Poursuivant mon chemin dans les rues surchauffées, je suis passée devant les terrasses des cafés, s’étalant au milieu des divers chantiers ensommeillés en ce mois d’août. Encouragés par une nouvelle majorité municipale et par une loi de densification toujours plus poussée de la petite couronne parisienne, les immeubles sortent partout de terre. Là c’est un garage qui a été démoli, plus loin des grues se préparent à écraser les anciennes serres municipales déplacées à la périphérie de la ville et l’ancienne cuisine collective scolaire délocalisée sur une autre commune pour mieux servir du poisson toujours pané, mais bio.

Installés pour la journée aux terrasses, les rebeux me regardent, longuement, passer. Avec ma robe de plage à 10 euros du marché, trop fluide et trop décolletée, j’ai l’impression de marcher nue. Je dois ressembler aux dessins de mère à gros nénés que font mes enfants quand la maîtresse leur demande de représenter leur famille.

Ce soir, la pluie ne vient toujours pas. Les seules gouttes d’eau sont celles s’échappant d’un balcon plus haut qu’on arrose. Mais un vent frais s’est levé.

Le crasseux de la plage

Un gamin tout nu court sur la plage.

Tout nu, tout blanc, quatre ou cinq ans. Heureux.

Il n’a pas de slip mais il tient une pelle.

Sa mère et sa grand-mère le suivent d’un pas tranquille.

Où va-t-il ? Vers la construction d’un château éphémère ou d’une barrière contre la mer.

Il est décidé. Un bâtisseur, un seigneur, un guerrier, tout nu.

Une telle rencontre est devenue rare.

Petite, j’étais nue sur la plage. Pas besoin de maillot de bain ni de couches spéciales baignade avec des poissons clowns dessinés dessus. Un film super 8 me montre, nue blanche et potelée, faisant mes premiers pas sur une plage identique à celle là.

Je n’ose pas mettre mon fils tout nu sur la plage.

Malgré sa peau dorée de cacahuète grillée, son corps nu au soleil s’imprime dans mon esprit barré en gras et en capitales de la mention : CANCER DE LA PEAU.

Je lui laisse, sous son body de tous les jours, une couche qui sera bientôt pleine de sable et pleine de flotte. Je tartine ensuite tout ce qui dépasse de crème qui colle protection 50+ résistante à l’eau. Pour lui point de petites fesses au soleil ni de petit zizi qui s’agite au vent.

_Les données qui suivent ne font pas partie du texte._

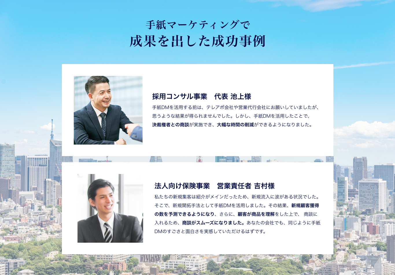 そのため、手紙営業の導入リスクを最小限にして、お試しが可能です。

Pour les enfants environnants non plus.

Tout autour de nous sur le sable se dressent, petits champignons de couleurs vives, des tentes de plage. Dans chaque tente s’abrite un enfant. Ils me font penser à ses plantes du jardin de mes parents qui me fascinaient dans mon enfance, petites boules orangées enfermées chacune dans une coque de verdure qui rougissait puis devenait dentelle en fanant et en séchant : des amours en cage.

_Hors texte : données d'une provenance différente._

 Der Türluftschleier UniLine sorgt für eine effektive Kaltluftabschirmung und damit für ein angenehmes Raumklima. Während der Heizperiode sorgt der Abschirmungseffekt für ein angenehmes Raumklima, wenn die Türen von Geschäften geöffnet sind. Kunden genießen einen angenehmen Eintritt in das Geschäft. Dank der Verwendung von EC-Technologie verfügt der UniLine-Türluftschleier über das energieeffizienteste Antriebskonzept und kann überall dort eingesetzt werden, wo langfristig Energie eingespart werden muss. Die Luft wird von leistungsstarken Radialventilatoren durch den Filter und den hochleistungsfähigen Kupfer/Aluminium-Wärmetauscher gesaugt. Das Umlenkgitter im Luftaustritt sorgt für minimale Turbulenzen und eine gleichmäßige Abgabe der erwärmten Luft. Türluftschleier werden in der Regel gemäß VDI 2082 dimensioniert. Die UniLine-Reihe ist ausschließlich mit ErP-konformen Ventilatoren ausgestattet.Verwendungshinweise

Les enfants qui se risquent dehors semblent porter la tente à même la peau : des combinaisons bleues jaunes ou vertes avec des jambes, des manches et de longues fermetures éclair. Un chapeau sur la tête, des lunettes noires. Ces lutins colorés, reconnaissables aux seuls bariolages de leurs combinaisons s’agitent, actionnant pelles et seaux. Une multitude de nains au boulot.

Trop inquiétée par les UV, je suis incapable d’accorder à mon fils de deux ans la liberté de montrer ses fesses. Rebutée par l’idée d’un consumérisme et d’une mode excessive, je n’ai pas non plus accepté de lui acheter un scaphandre coloré.

Dans cet entre-deux sans courage, mon gosse en couche pendante et body crasseux, est le clodo de la plage.

Sans chapeau, hilare, les boucles emmêlées, le visage couvert de sable collé et de restes de chocolat du goûter, il passe, curieux, d’un groupe d’enfants à un autre, cherchant des regards derrière les lunettes et dans l’ombre des casquettes. Il observe les parents qui observent à leur tour cet incongru Charlot des mers.